Working data>
◇ ◇ ◇

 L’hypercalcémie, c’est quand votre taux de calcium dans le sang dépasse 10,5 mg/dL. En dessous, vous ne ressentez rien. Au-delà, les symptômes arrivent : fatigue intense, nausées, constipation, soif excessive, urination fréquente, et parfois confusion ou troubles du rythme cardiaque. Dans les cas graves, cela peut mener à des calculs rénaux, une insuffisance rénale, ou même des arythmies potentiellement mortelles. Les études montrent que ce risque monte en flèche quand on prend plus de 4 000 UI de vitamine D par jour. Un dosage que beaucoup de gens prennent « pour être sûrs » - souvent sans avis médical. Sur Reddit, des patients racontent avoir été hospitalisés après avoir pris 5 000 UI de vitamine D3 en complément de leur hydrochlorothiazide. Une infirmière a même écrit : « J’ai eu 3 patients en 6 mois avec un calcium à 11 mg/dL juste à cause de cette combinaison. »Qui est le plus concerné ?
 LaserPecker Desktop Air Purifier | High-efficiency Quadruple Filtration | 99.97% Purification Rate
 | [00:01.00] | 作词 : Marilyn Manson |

◇ ◇ ◇

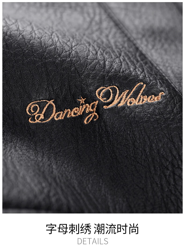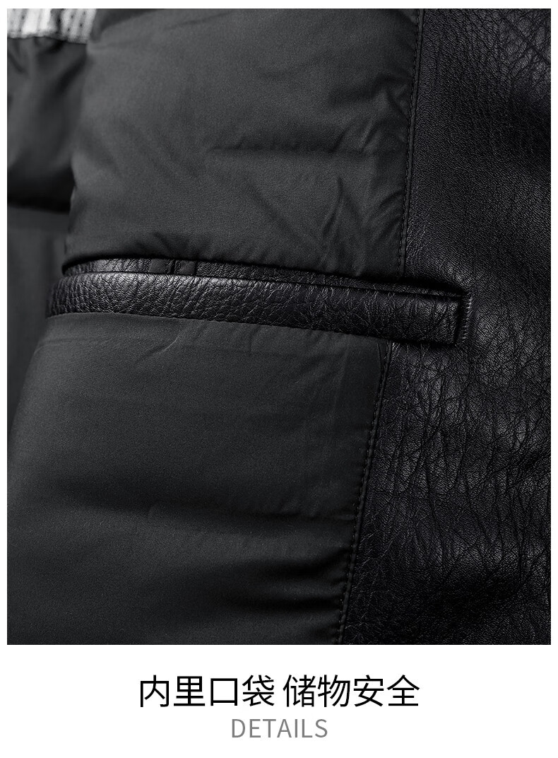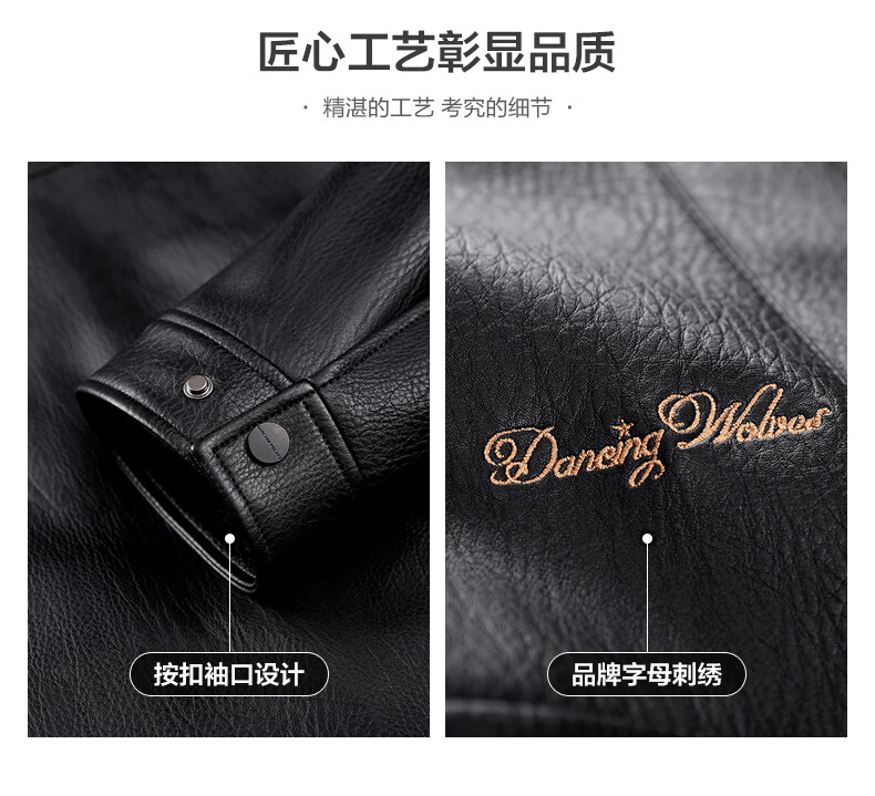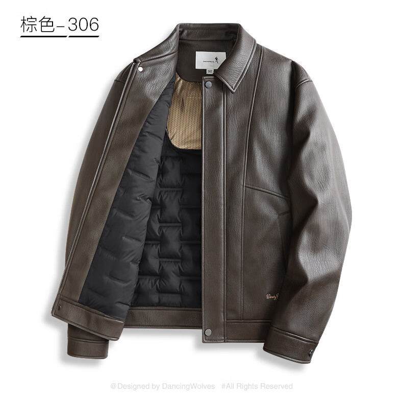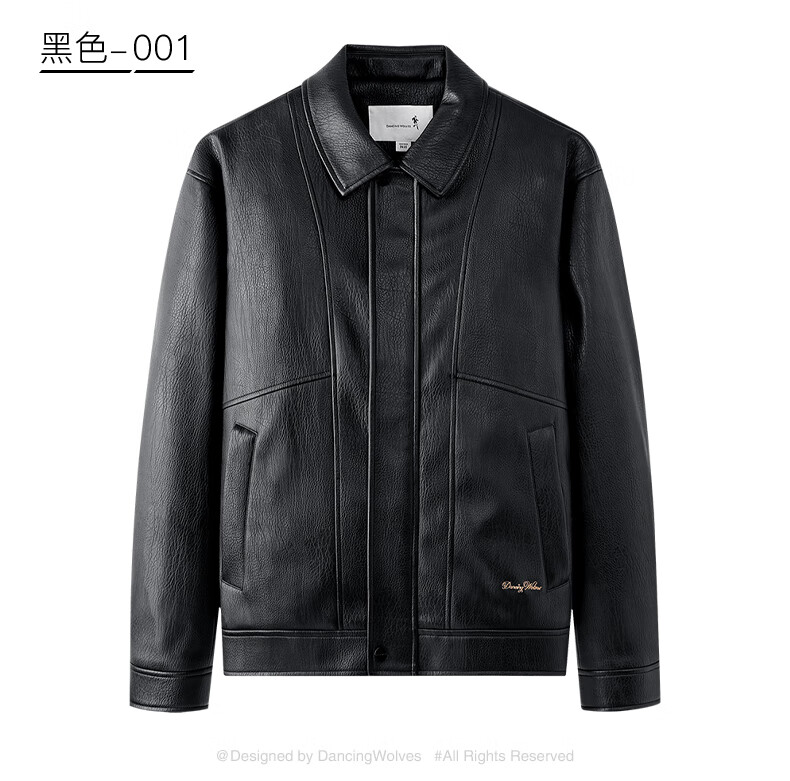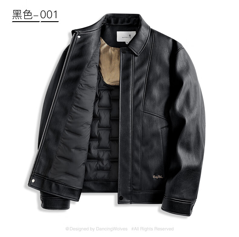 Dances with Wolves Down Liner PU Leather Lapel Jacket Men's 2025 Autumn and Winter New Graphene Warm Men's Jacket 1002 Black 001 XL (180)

◇ ◇ ◇

Task objective> From the listing above, return the lines starting at the one with "L’hypercalcémie, c’est quand" and ending at the one with "Marilyn Manson |", both kept, exactly as they appear and nothing more.

Solved problem>
 L’hypercalcémie, c’est quand votre taux de calcium dans le sang dépasse 10,5 mg/dL. En dessous, vous ne ressentez rien. Au-delà, les symptômes arrivent : fatigue intense, nausées, constipation, soif excessive, urination fréquente, et parfois confusion ou troubles du rythme cardiaque. Dans les cas graves, cela peut mener à des calculs rénaux, une insuffisance rénale, ou même des arythmies potentiellement mortelles. Les études montrent que ce risque monte en flèche quand on prend plus de 4 000 UI de vitamine D par jour. Un dosage que beaucoup de gens prennent « pour être sûrs » - souvent sans avis médical. Sur Reddit, des patients racontent avoir été hospitalisés après avoir pris 5 000 UI de vitamine D3 en complément de leur hydrochlorothiazide. Une infirmière a même écrit : « J’ai eu 3 patients en 6 mois avec un calcium à 11 mg/dL juste à cause de cette combinaison. »Qui est le plus concerné ?
 LaserPecker Desktop Air Purifier | High-efficiency Quadruple Filtration | 99.97% Purification Rate
 | [00:01.00] | 作词 : Marilyn Manson |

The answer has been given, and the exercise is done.